Hello dear readers of my article. I want to say right away that this is only the first article in my series of three articles. The main goal of the whole cycle is to dedicate each reader to XML and give, if not a complete explanation and understanding, then at least a good push to it, explaining the main points and things. The whole cycle will be for one nomination - "Attention to Details", and the division into 3 articles is done in order to fit into the character limit in posts and to divide a large amount of material into smaller portions for better understanding. The first article will focus on XML itself and what it is, as well as one of the ways to schema XML files - DTD. To begin with, I would like to make a small preface for those who are not yet familiar with XML at all: there is no need to be scared.
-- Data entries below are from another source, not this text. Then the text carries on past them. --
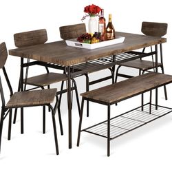 NEW IN BOX - Modern Dining Set for Home, Kitchen, Dining Room w/Storage Racks, Rectangular Table, Bench, 4 Chairs, Steel Frame - Brown$350Miami, FL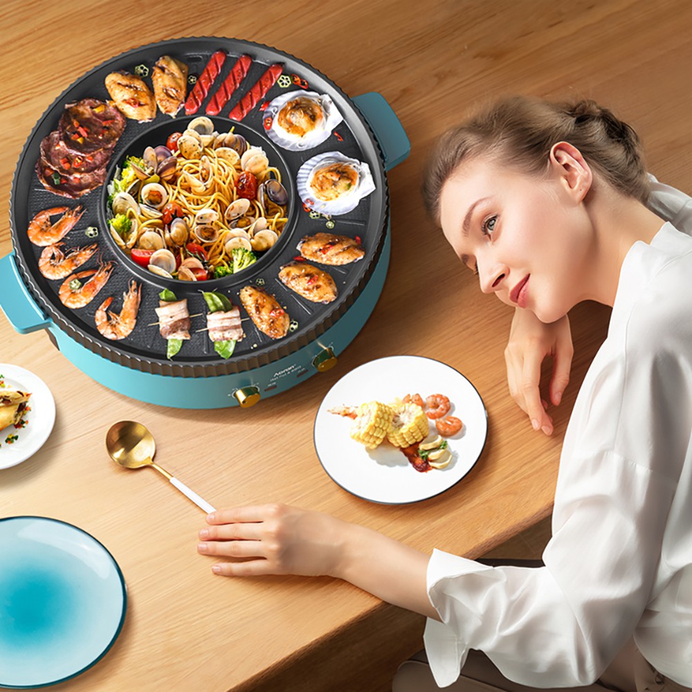 - Với bếp lẩu nướng tròn 2in1, người sử dụng có thể vừa nướng nhiều loại thức ăn và đồng thời nấu lẩu cùng một lúc.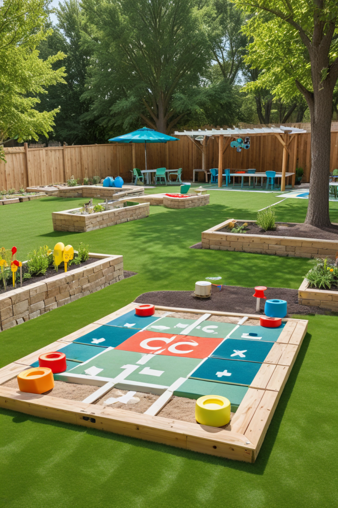A communal backyard recreation space stimulates collaboration and social engagement. Set up cooperative games like giant tic-tac-toe, an outdoor bowling lane, and a mini soccer field. Activity zones like scavenger hunts and mud pie kitchens make for fun shared activities. Picnic tables and seating areas help bring kids together for rest and group play.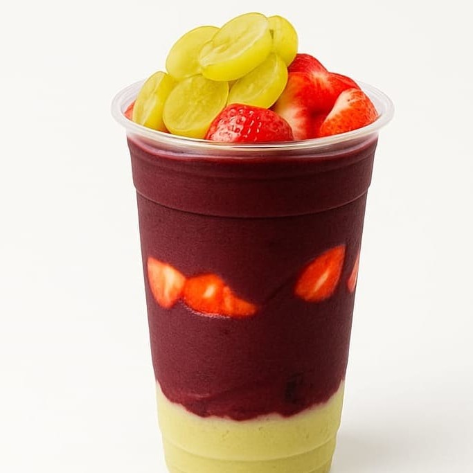 Açaí Tropical 500ml Uma explosão de sabores tropicais em cada colherada! Nosso copo Tropical vem com um cremoso açaí, coberto com leite condensado, banana fatiada, morangos fresquinhos e uva thompson — tudo na medida certa pra refrescar e adoçar seu Dia. Perfeito pra quem ama uma combinação leve, frutada e irresistível!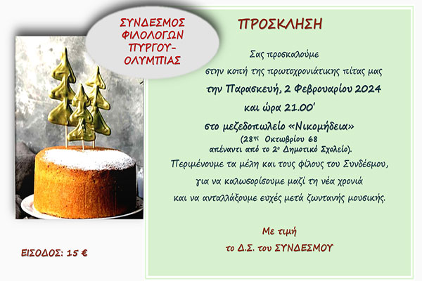 O Σύνδεσμος Φιλολόγων Πύργου-Ολυμπίας κόβει στις 2/2 την πρωτοχρονιάτικη πίτα του
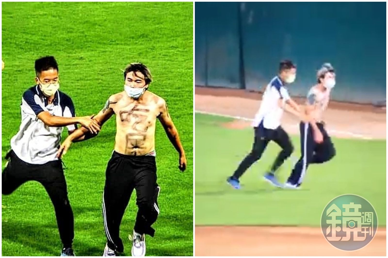 今晚在新莊棒球場的賽程是富邦悍將對上樂天桃猿隊,雙方交手到4局上半時,吃屎哥裸著上半身從約2米高的看台處跳進球場內,並往中外野奔跑鬧場,比賽因此中斷,最後警消獲報派員前往現場,將他送醫治療。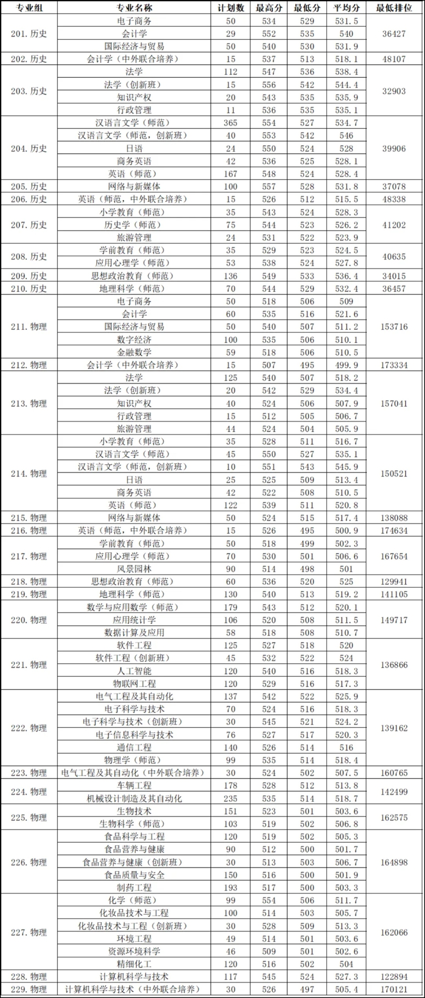 今年录取人数比去年增加2133人,今年生源质量保持稳定。历史201组经管类、203组法学类、和205组网络与新媒体专业录取分数有提升,最低录取排位较去年提升1000-4000名不等。

XML is not very complex and should be understood by any programmer, as it is a very flexible, efficient and popular file format today for storing all sorts of information you want. XML is used in Ant, Maven, Spring. Any programmer needs knowledge of XML. Now that you have gathered strength and motivation, let's start studying. I will try to lay out all the material as simply as possible,

XML

For a clearer explanation, it would be more correct to visualize the XML with an example.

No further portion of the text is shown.